Look into our fridges and cabinets of groceries, did we fear there will be no rice, cooking oil, vegetables or even infant formula milk powder?  Singaporeans have no doubt whatsoever that these daily necessities will always be readily available in our supermarkets.  Singaporeans just trusted, but many didn't know why. Had the government not cared, and there was no policy thinkers who saw the need to break beyond traditional sources of food and essentials, we would have risk supplies or been strangled by exporting countries for whatever reasons.

Look no further out of the window, parents & domestic helpers sending kids to school.  Do they ever doubt that the teachers will just walk out one day and go on strike for not getting paid?  Thousands of people in the civil service just turn up for work everyday just trusting that their pay check will automatically be deposited into their account, and that goes for their CPF as well.

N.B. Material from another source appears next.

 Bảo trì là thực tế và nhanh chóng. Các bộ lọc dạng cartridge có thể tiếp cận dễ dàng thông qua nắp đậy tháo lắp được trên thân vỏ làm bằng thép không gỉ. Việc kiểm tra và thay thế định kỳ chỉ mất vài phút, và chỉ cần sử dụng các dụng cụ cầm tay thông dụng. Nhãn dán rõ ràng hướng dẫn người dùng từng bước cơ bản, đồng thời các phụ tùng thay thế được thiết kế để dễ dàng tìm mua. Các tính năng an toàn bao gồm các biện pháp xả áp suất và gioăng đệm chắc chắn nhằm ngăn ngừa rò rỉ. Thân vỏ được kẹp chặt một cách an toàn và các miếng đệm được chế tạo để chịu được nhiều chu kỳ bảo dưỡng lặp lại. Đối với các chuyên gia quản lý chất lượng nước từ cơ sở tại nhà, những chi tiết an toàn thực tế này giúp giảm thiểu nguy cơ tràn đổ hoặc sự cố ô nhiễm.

Talking about CPF, even as a few thousand protesters gathered at Hong Lim Park under the banner of "Return Our CPF", was there a long queue outside CPF building the following working day demanding their money to be returned because they believed the government had gone bankrupt?  Singaporeans just trusted that their CPF is safe notwithstanding the sowing of doubts and fear.

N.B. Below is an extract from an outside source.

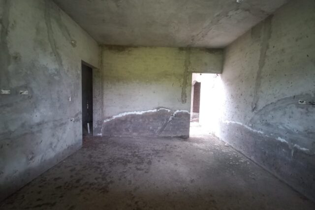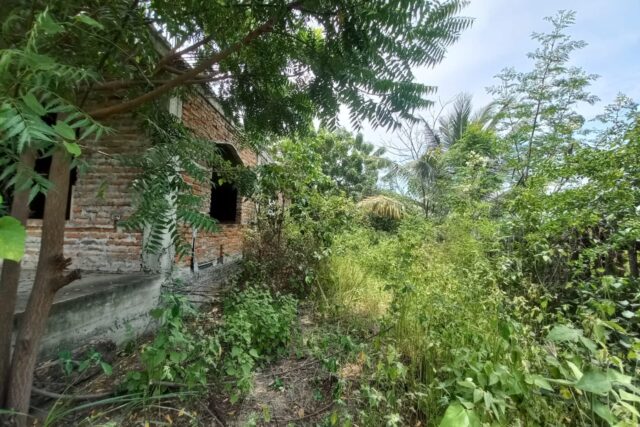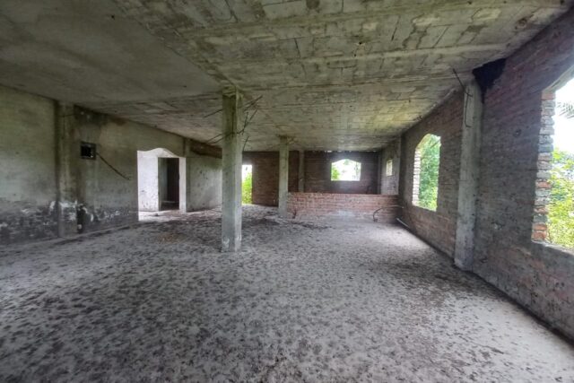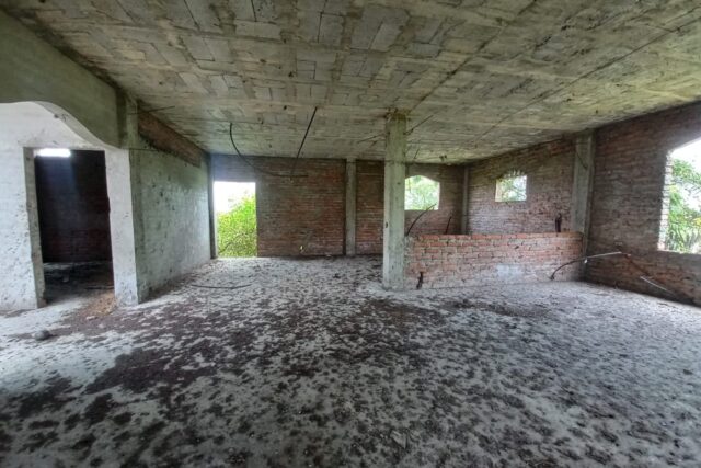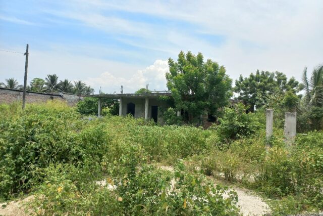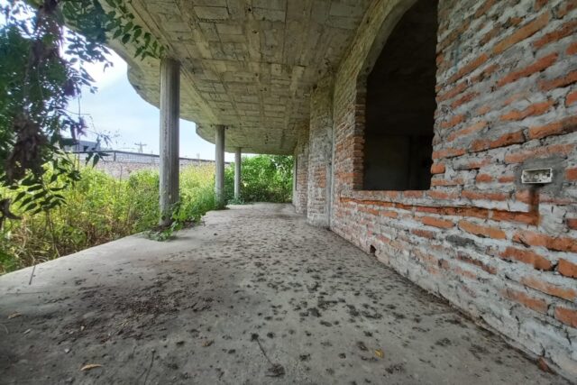El terreno tiene una construcción levantada en gris.

Singaporeans still head for work each day using the MRT despite possible breakdowns and congestion or even a terrorist attack.  Criticism abound, do we see Singaporeans avoiding the MRT due to mistrust?  Not at all.  We just trust it will be there to bring us to where we want.

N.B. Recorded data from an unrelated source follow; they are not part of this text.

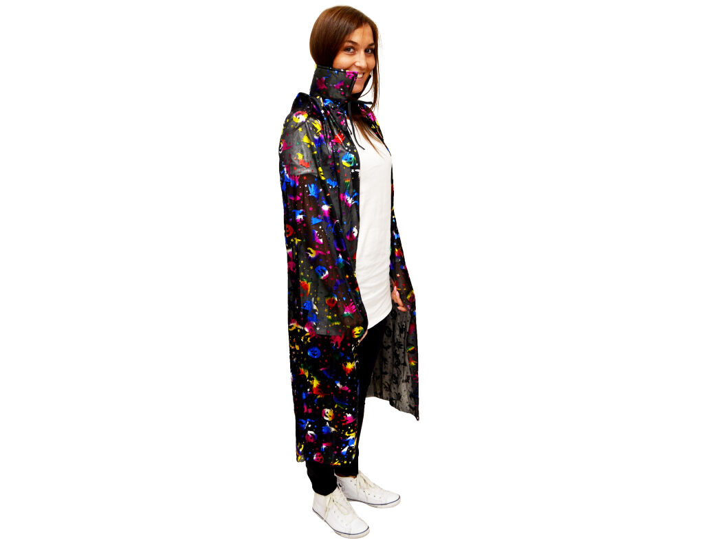 Plášť ideální pro malou čarodějku nebo čaroděje. Je vyroben z lesklého materiálu s potiskem barevných dýní. Plášť má límec a vázání na šňůrku u krku. Délka pláště: 120cm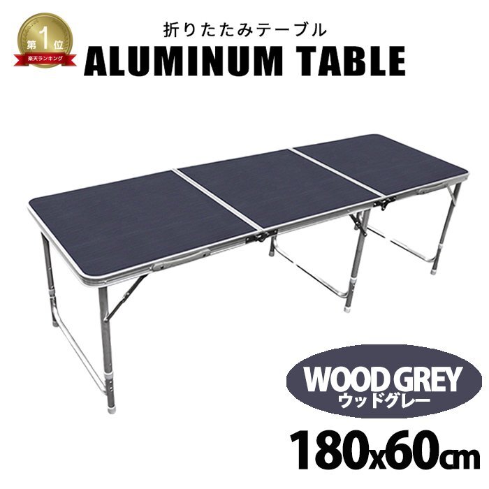 - 折りたたみ アルミアウトドア テーブル 180x60cm ウッドグレー キャンプテーブル軽量 脚 伸縮 高さ調節 キャンプ バーベキュー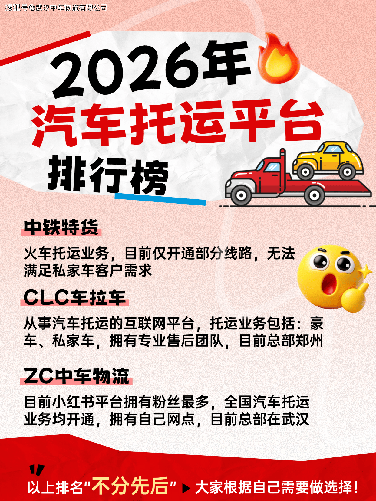 1. 优先选有实体网点和专业售后的平台:有实体网点的品牌,资质更有保障,避免遇到皮包公司;专业售后团队能快速处理运输中的问题,减少维权麻烦,这也是中铁特货、中车物流、CLC车拉车的核心优势之一。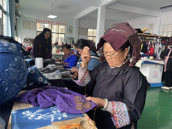 在贵州盘州市淤泥艺胜民族民间旅游产品有限公司的工坊内,十余名妇女正埋头于手中的绣布。丝线穿梭间,精美的民族图案渐次浮现。角落里的车祥花,身着彝族传统服饰,虽行动不便,双手却灵活而稳健。在这里,她每月能获得约3000元的稳定收入,从“家庭负担”变成了贡献力量的人。

Do Singaporeans not know that the queue is long for hospital admission, but trust in that after a long wait comes comfort and absolute professional care.  Compared to the highly visible long wait for admission, the sporadic departures of people discharging after successful surgery and treatment is almost invisible to the public eye, but these form the basis that Singaporeans still trust our doctors and nurses and the entire healthcare system.

Something more common and familiar, our usual pastime of eating at hawker centres.  It is so normal to just order our food and wait for it to come.  Do we question if the food is sufficiently hygienic or fit for consumption?  Lest we forget the Indian rojak stall that resulted in death, still Singaporeans trusted the government to ensure that chai tow kuay stalls and the likes are kept in check so that we don't get food poisoning.

Such deep trust will not be there without decades of continuous improvement and ground breaking ideas from people within the system.  No question asked, we know our sky radar are manned by responsible people that in event of an unidentified aircraft intrusion, it will not come near without being escorted or shot down.

Much talks about Singapore's vulnerability being a social construct, and these talks had belittled the dedication of our men and women watching over our boundaries and skies.  We sleep in peace without a thought that some enemy forces is going to barge in through our door or bombings happening in the neighbourhood.  Our peace comes from our preparedness and not the absence of vulnerability.

I can go on with these nitty gritty things that you will not find in high society cocktail functions nor emotionally charged forums.  However with this, I hope the common man's heartbeat can be heard by people claiming proprietary to our existence.